On Feb 11, 2008 1:15 PM, Francesc Altet <faltet@carabos.com> wrote:
A Monday 11 February 2008, Charles R Harris escrigué:
I've attached my working _sortmodule.c.src file so you can fool with these different changes on your machines also. This is on top of current svn.
Ok. In order to compare pears with pears, I've decided to create a standalone program in C (attached), based on your version (yes, it is almost the same that the one that I came up with). This also allows to run it quickly in as many platforms as possible. The compiler throws some warnings, but they are not important (I think).
Here are the results of running it in several platforms:
1) My laptop: Ubuntu 7.1 (gcc 4.1.3, Pentium 4 @ 2 GHz) Benchmark with 1000000 strings of size 15 C qsort with C style compare: 2.450000 C qsort with Python style compare: 2.440000 NumPy newqsort: 0.650000
Wow, what a difference.
2) My laptop: Windows XP (MSVC 7.1, Pentium 4 @ 2 GHz) Benchmark with 1000000 strings of size 15 C qsort with C style compare: 0.971000 C qsort with Python style compare: 0.962000 NumPy newqsort: 0.921000
3) An Opteron server: SuSe 10.1 (gcc 4.2.1, Opteron @ 2 GHz) Benchmark with 1000000 strings of size 15 C qsort with C style compare: 0.640000 C qsort with Python style compare: 0.600000 NumPy newqsort: 0.590000
Some of the conclusions that can be drawn:
* C qsort performs pretty badly on my Pentium4 laptop with Ubuntu * C qsort on Win on my laptop performs very similar to newqsort * newqsort performs much better on my Ubuntu Linux than in Windows * On Opteron, C qsort and newqsort do perform very similarly * and most importantly, newqsort runs faster in *all* platforms
So, provided the last conclusion, I think it is safe to check newqsort in NumPy (unless something catastrofic might occur on other platforms).
Finally, a couple of small things:
* MSVC doesn't swallow the "inline" qualifier.

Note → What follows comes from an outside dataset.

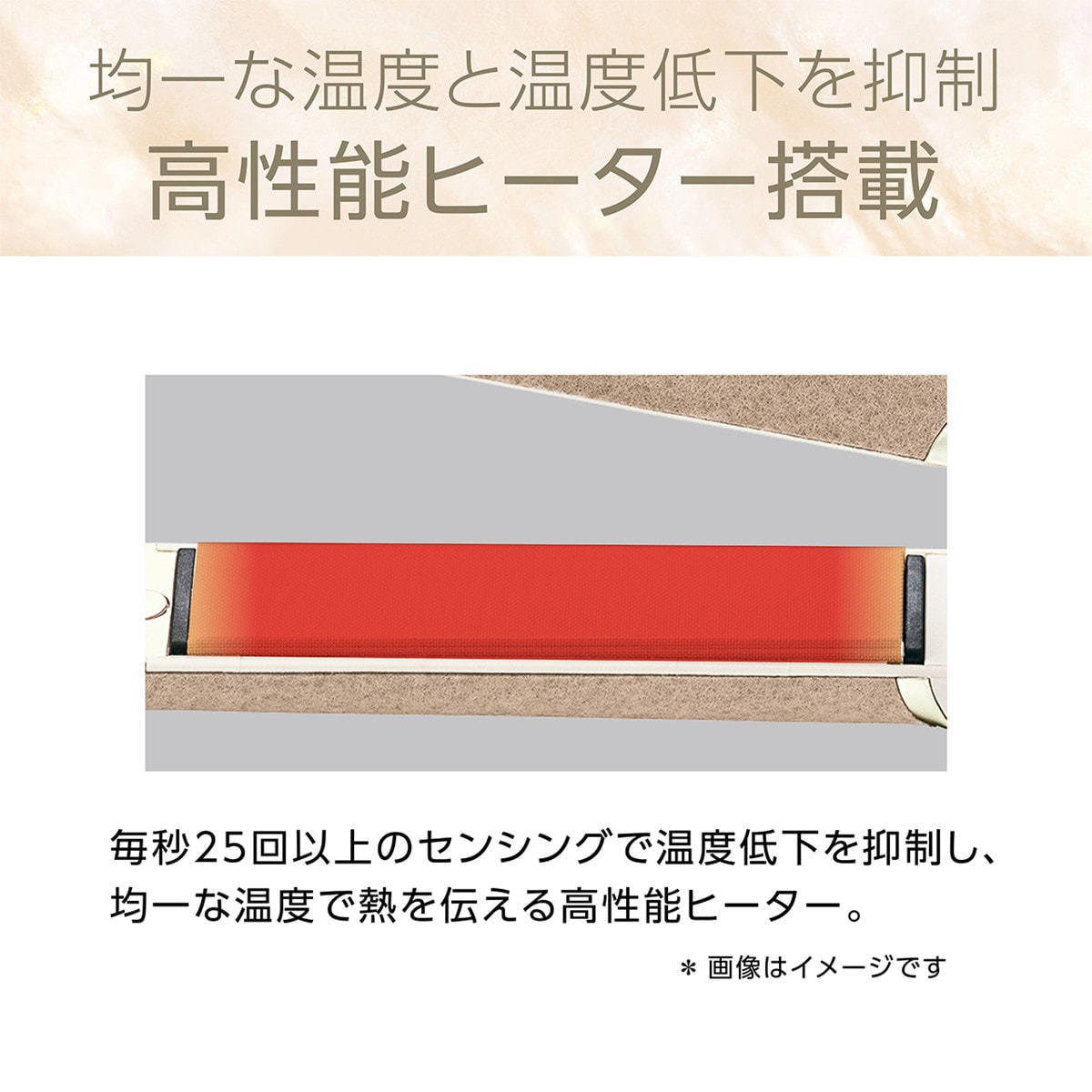 プレート素材が水分の蒸発を抑えてうるおいをキープ。熱ダメージから髪を守ります。

So we should remove it and hope that most of NumPy installations will be compiled -O3 at least.
I was afraid of that. The inline keyword is a fairly new standard; gcc has had it for a while but the older versions of MSVC didn't. I don't know if the newer MSVC versions do. IIRC, there was another way to get MSVC to inline. Of course, we could go to C++ :0)
* I'd definitely keep memcpy by default. From my timings, it looks like the best option for all platforms.
OK. Was that just for the copies, or was it for the swaps also? I ran a version of swap using memcpy on my machine and the sort was about half as fast for 8 character strings.
I hope the benchmark will behave well in your platform too (i.e. newqsort will perform the best ;)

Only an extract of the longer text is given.